Baseball is the soundtrack to summer, and for those who go to Big Train games at Shirley Povich Field, the sounds of the ballpark are sweet melodies to all.
They are as commonplace as seeing John Daniel in the stands during the season. A regular since the club’s 1999 inaugural season, he has missed few, if any, games over the team’s 21 years.
“I think that John Daniel has been to more Big Train games than anyone else,” Big Train founder Bruce Adams joked. “It seems like he’s there every single night.”
The passion Daniel has shown for Big Train is the same he’s had for music, especially the local scene.
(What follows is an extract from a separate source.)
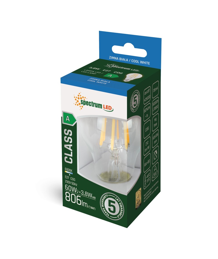 Velg Spectrum 3,8W LED pære i dag, og nyt en optimal kombinasjon av ytelse og stil, samtidig som du bidrar til en grønnere fremtid.
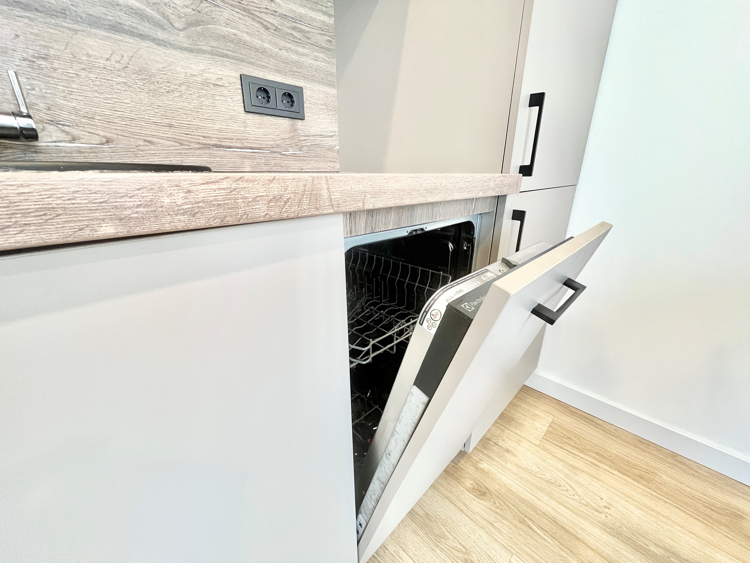 - naujas, modernus įrengimas su visais baldais ir buitine technika

“I don’t have a music playing background, but I have a love and an appreciation for music,” Daniel explained.
Daniel is a trustee for the Johansen International Competition for Young String Players, a triennial string competition held in Washington D.C. Additionally, he has served on the boards for the Washington Saxophone Quartet and the Washington Revels. He brought the Revels, a local troupe that retells and celebrates worldwide cultural traditions through music, dance and drama, and Big Train together, having their Maritime Voices ensemble perform at Big Train games for many years.
“He’s a master at putting people together and creating connections,” Revels Executive Director Greg Lewis said. “I don’t know any community that he hasn’t been an important member of.”
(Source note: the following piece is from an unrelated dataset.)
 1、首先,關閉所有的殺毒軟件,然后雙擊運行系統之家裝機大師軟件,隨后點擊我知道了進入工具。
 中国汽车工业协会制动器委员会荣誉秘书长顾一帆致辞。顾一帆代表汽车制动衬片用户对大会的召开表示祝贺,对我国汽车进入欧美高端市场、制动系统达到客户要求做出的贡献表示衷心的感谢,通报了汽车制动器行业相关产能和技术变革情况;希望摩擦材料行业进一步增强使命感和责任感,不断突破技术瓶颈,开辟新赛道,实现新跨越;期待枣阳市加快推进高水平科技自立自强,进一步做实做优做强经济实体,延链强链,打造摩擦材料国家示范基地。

An Alabama native, Daniel moved to Montgomery County with his wife, Linda, and two kids in 1976 to work in environmental law. Nearly two decades later, he and Adams first met, not at a baseball game, but in local politics as Adams ran for Montgomery County Executive in 1994. His bid fell short, but Daniel remained Adams’ ardent supporter, which continued into 1999 when Adams spread the word about Big Train through his political mailing lists.
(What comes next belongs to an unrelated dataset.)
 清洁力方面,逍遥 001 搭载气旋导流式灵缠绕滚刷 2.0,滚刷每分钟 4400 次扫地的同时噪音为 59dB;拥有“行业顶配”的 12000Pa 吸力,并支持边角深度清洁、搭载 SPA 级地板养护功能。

Twenty years later, when Adams reassembled the Bethesda Community Base Ball board, there was one person who fit the Secretary-Treasurer role perfectly: Daniel.
“When I was assembling the board, I thought, ‘Who better than John Daniel?’” Adams said. “He’s a humongous Big Train fan and he’s this wonderful, welcome personality with legal and financial skills who’s in touch with many other Big Train fans.”
He got an immediate yes from Daniel, who had worked the same position for several other nonprofit organizations. The transition of stewardship has made for a hectic last couple months for the BCBBC board, but Daniel has provided a steady presence on the board.
“The opportunity is not something that I had even thought of, I was just glad I was able to be chosen to be in a position to help contribute,” Daniel said.